Brenner, R. et al. BK channel beta4 subunit reduces dentate gyrus excitability and protects against temporal lobe seizures. Nat. Neurosci. 8, 1752-1759

Stanford University, Palo Alto, California, United States
Nature Neuroscience (Impact Factor: 16.1). 01/2006; 8(12):1752-9. DOI: 10.1038/nn1573
Source: PubMed


Synaptic inhibition within the hippocampus dentate gyrus serves a 'low-pass filtering' function that protects against hyperexcitability that leads to temporal lobe seizures. Here we demonstrate that calcium-activated potassium (BK) channel accessory beta4 subunits serve as key regulators of intrinsic firing properties that contribute to the low-pass filtering function of dentate granule cells. Notably, a critical beta4 subunit function is to preclude BK channels from contributing to membrane repolarization and thereby broaden action potentials.

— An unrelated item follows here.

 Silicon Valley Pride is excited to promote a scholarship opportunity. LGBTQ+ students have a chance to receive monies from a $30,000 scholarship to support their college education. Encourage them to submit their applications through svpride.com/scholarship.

Longer-duration action potentials secondarily recruit SK channels, leading to greater spike frequency adaptation and reduced firing rates. In contrast, granule cells from beta4 knockout mice show a gain-of-function for BK channels that sharpens action potentials and supports higher firing rates. Consistent with breakdown of the dentate filter, beta4 knockouts show distinctive seizures emanating from the temporal cortex, demonstrating a unique nonsynaptic mechanism for gate control of hippocampal synchronization leading to temporal lobe epilepsy.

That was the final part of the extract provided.